We considered as the primary outcome all-cause mortality registered between baseline and September 30, 2015, in the Swedish Cause of Death Registry. We used the underlying cause of death from the Swedish Cause of Death Registry to define secondary outcomes: mortality from cardiovascular diseases (International Classification of Diseases, Tenth Revision, codes I00–I99) and cancer (International Classification of Diseases, Tenth Revision, C-codes) through December 31, 2014. For 1987–1996, we used corresponding codes from the International Classification of Diseases, Ninth Revision.

Statistical Analysis

We calculated time at risk for each participant from study entry until the date of each outcome, the date of emigration, or the end of the study period, whichever came first. We first evaluated trends in mortality rates according to milk intake, fruit and vegetable intake, and ORAC using restricted cubic-spline Cox regression with 3 knots placed at percentiles 10, 50, and 90 of the exposures.[37] We calculated age-adjusted death rates and age- and multivariable-adjusted hazard ratios and 95% confidence intervals for categories of milk intake (<1, 1–<2, 2–<3, or ≥3 glasses/day) and categories of fruit and vegetable intake or quartiles of ORAC. We categorized fruit and vegetable intake as <1, 1–<2, 2–<3, 3–<4, 4–<5, or ≥5 servings/day, with the latter category reflecting dietary recommendations.[32] The proportional hazards assumptions were confirmed graphically by log-log plots.

To select suitable covariates for the multivariable model, we used present knowledge and directed acyclic graphs.[38] The model for the total effect included age, total energy intake, body mass index (weight (kg)/height (m)2), height, intakes of yogurt, cheese, red and processed meat, and alcohol (all continuous), educational level (≤9 years, 10–12 years, >12 years, or other), living alone (yes/no), ever use of antioxidant supplements (yes/no), physical activity (metabolic equivalent-hours/day; continuous), smoking status (never, former with <20 pack-years, former with ≥20 pack-years, current with <20 pack-years, or current with ≥20 pack-years) and Charlson's comorbidity index (possible range of scores, 0–33; continuous).[39,40] To avoid loss of efficiency and limit the introduction of bias by restricting the analysis to persons with complete data alone, missing data on covariates were imputed using multiple imputation.[41] We also imputed covariates not assessed at the baseline of the SMC in 1987–1990 (e.g., smoking status and physical activity).[1] Additional sensitivity analyses included exclusion of the first 2 years of follow-up, persons with a body mass index greater than 35, and current smokers. To our second model, we also added as covariates use of calcium-containing supplements and, for baseline 1997, use of aspirin and prevalent hypercholesterolemia. In a fourth model, we additionally adjusted our estimates for energy-adjusted dietary intakes of protein, total and saturated fat, calcium, vitamin D, retinol, and phosphorus; ever use of cortisone; and, among women, hormone replacement therapy.

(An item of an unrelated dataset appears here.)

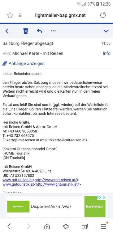 Salzburg Flieger wurde abgesagt. Ein Freund hat am Vormittag dieses Mail erhalten: Schöne Nachricht für mich, der separat gebucht hat und noch auf eine Karte im Away hofft… wie so viele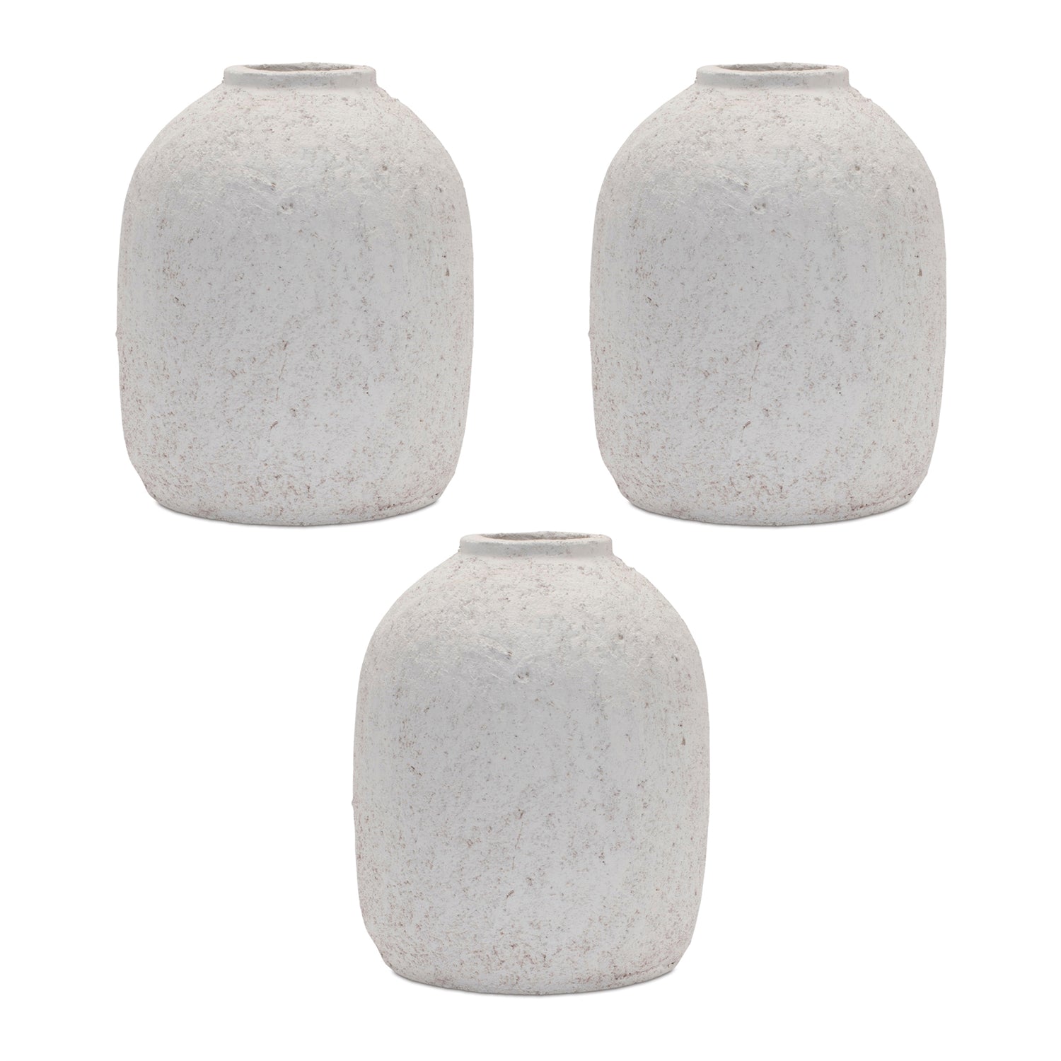 Enhance your home with this beautiful set of Decorative Terra Cotta Bud Vases. Featuring three pieces, this piece is a great fit for your country cottage or farmhouse style of decor. The cool white tones paired with the rustic distressed finish is perfect to create a stunning display. The quality terra cotta composition is sure to last for seasons to come. Complete the look by adding a bunch of dried florals or fresh garden flower buds to the vase, or gift it to a loved one to share the beauty!

Measures of interaction were calculated on the basis of adjusted hazard ratios (HRs), using persons consuming less than 1 glass of milk and 5 or more servings of fruit and vegetables per day as the reference category for the following groups (annotations in parentheses): milk intake ≥3 glasses/day, fruit and vegetable intake ≥5 servings/day (HR10); milk intake <1 glass/day, fruit and vegetable intake <1 serving/day (HR01); and milk intake ≥3 glasses/day, fruit and vegetable intake <1 serving/day (HR11). The relative excess risk of interaction (interaction on the additive scale) was calculated as HR11 − HR10 − HR01 + 1,[42] and 95% confidence intervals were obtained by means of the bootstrap percentile method with 1,000 bootstrap samples. The statistical analyses were performed with Stata 13.1 (StataCorp LP, College Station, Texas).